The SEC is understood to have written to at least five companies including Twentieth Century Fox Film Corporation, The Walt Disney Company and DreamWorks Animation SKG Inc, according to a report by the Reuters news agency and picked up by other US media.
The SEC is concerned that payments may have been made to Chinese officials in order to secure distribution contracts or the right to film in China.
Legislation known as the Foreign Corrupt Practices Act makes it illegal for a US citizen or a US-registered company to bribe overseas officials and civil servants, even if such activity is tolerated or considered normal behaviour in those countries.
The FCPA is unusual, not just in its extra-territorial impact, but also in that it has been used proactively by US authorities which conduct 'sweeps' when they encounter situations that commonly lead to bribery and corruption. Government investigators have paid particular attention to US businesses operating in China, where there are sovereign wealth funds, many state-owned enterprises and where bureaucratic and structural barriers to business are commonplace.
In the entertainment sector, China rations the number of foreign films that can be imported into the country and Hollywood studios maintain representative offices that jockey with each other and lobby monopoly film importer China Film Group Corporation 中國電影集團公司 for slots. Similarly, approval is needed from a state-controlled film censorship body for all film scripts going into production and for release of finished movies.
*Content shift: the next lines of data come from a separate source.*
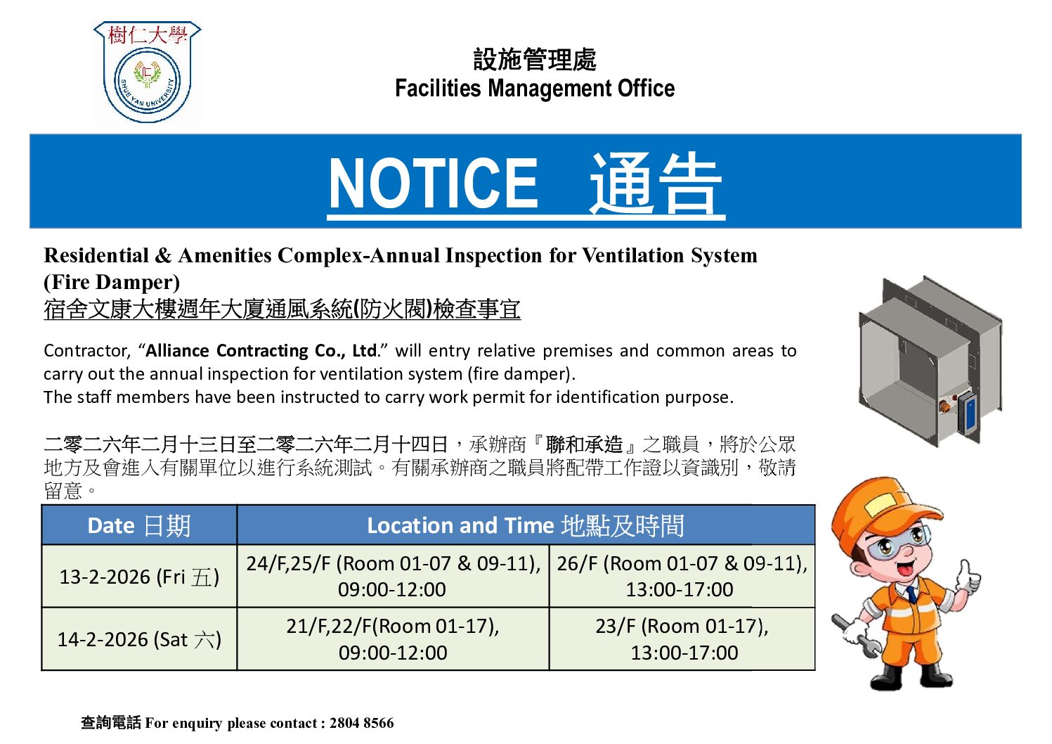 Notice -Annual inspection for Ventilation system (Fire Damper)
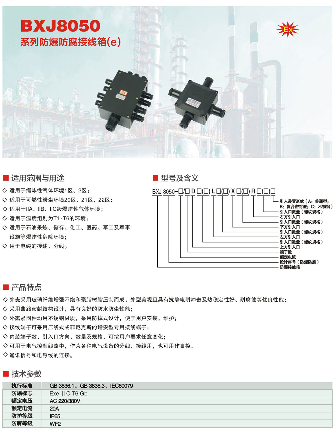 产品中心 防爆防腐电器系列 BXJ8050系列防爆防腐接线箱(e)
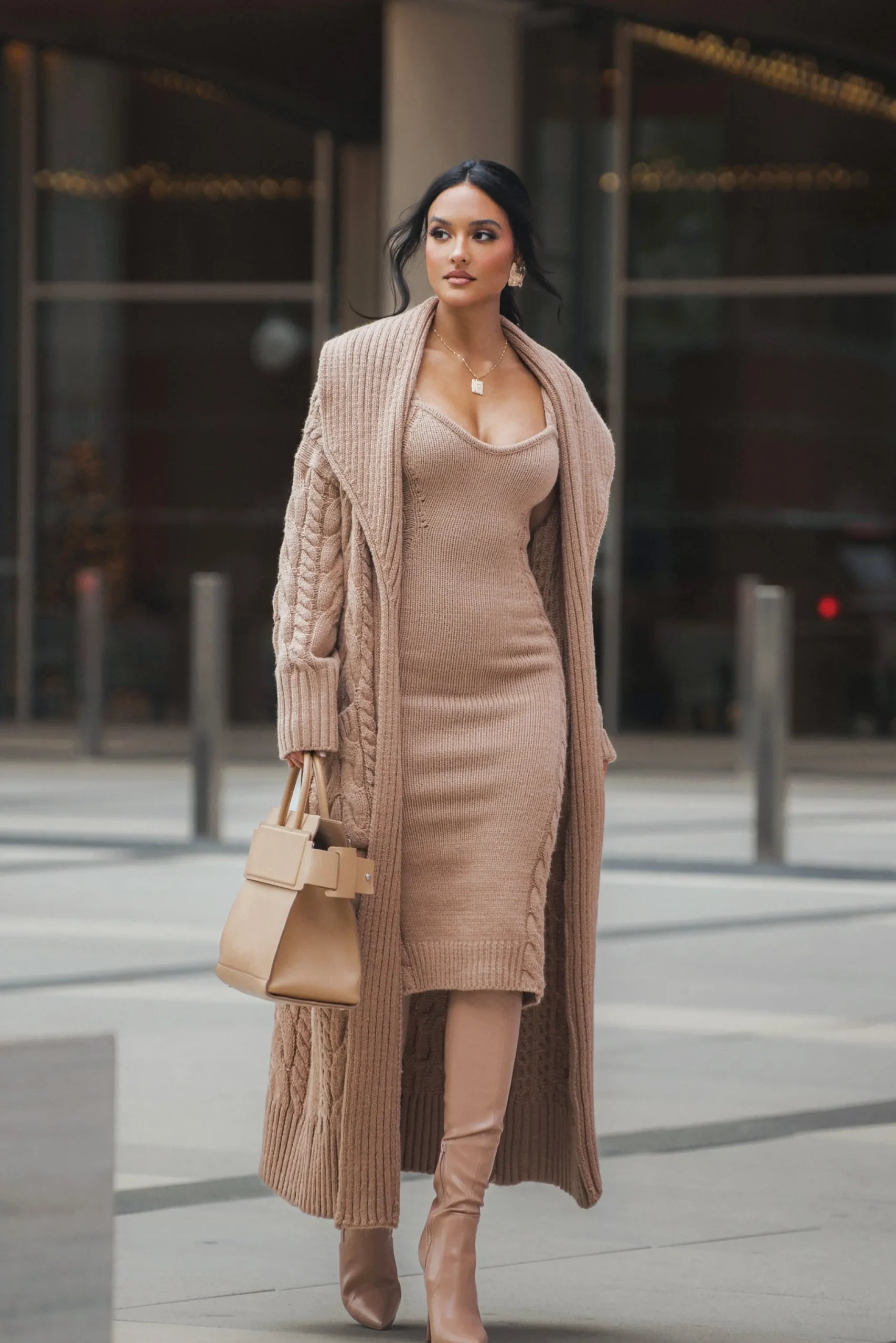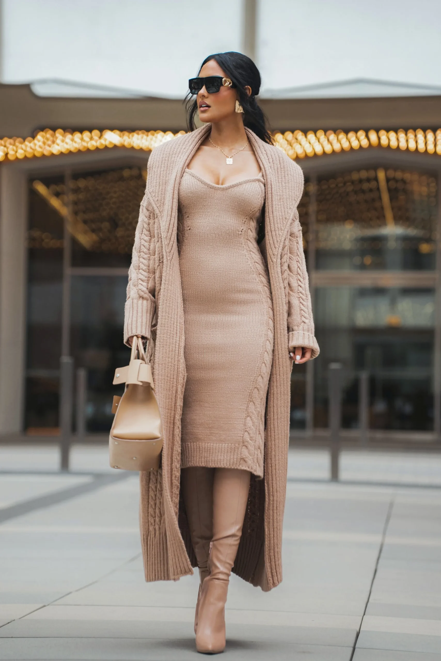 Slip into cozy luxury with our new Beige Daria Sweater Knit Dress. Showcasing a gorgeous sweetheart neckline, this knitted midi dress features a solid front with cable knit texture at the sides and fitted shoulder straps. Pair with our Upstate Cable Knit Cardigan for the full look. Back slit hem. Stretchy.

Christopher J. DODD, now head of Hollywood studio lobby body the Motion Picture Association of America Inc (MPAA), and Frank Dodd (pictured together with Barack Obama) were previously responsible for giving the SEC new powers under legislation commonly known as the Dodd-Frank Wall Street reform law.
Film producers Gerald GREEN and Patricia GREEN were successfully prosecuted under the FCPA for paying bribes to Juthamas SIRIWAN จุฑามาศ ศิริวรรณ, then head of the Tourism Authority of Thailand, in order to win contracts to run the Bangkok International Film Festival เทศกาลภาพยนตร์นานาชาติกรุงเทพฯ. They were found guilty in 2009 and served six months in prison.
The FCPA does not cover the recipients of bribes paid by US citizens, but Siriwan has been indicted for eight money laundering and other offences by the US. Thai authorities have opened an investigation and prosecutors recommended trial for Siriwan, but to date she has not been formally charged in Thailand.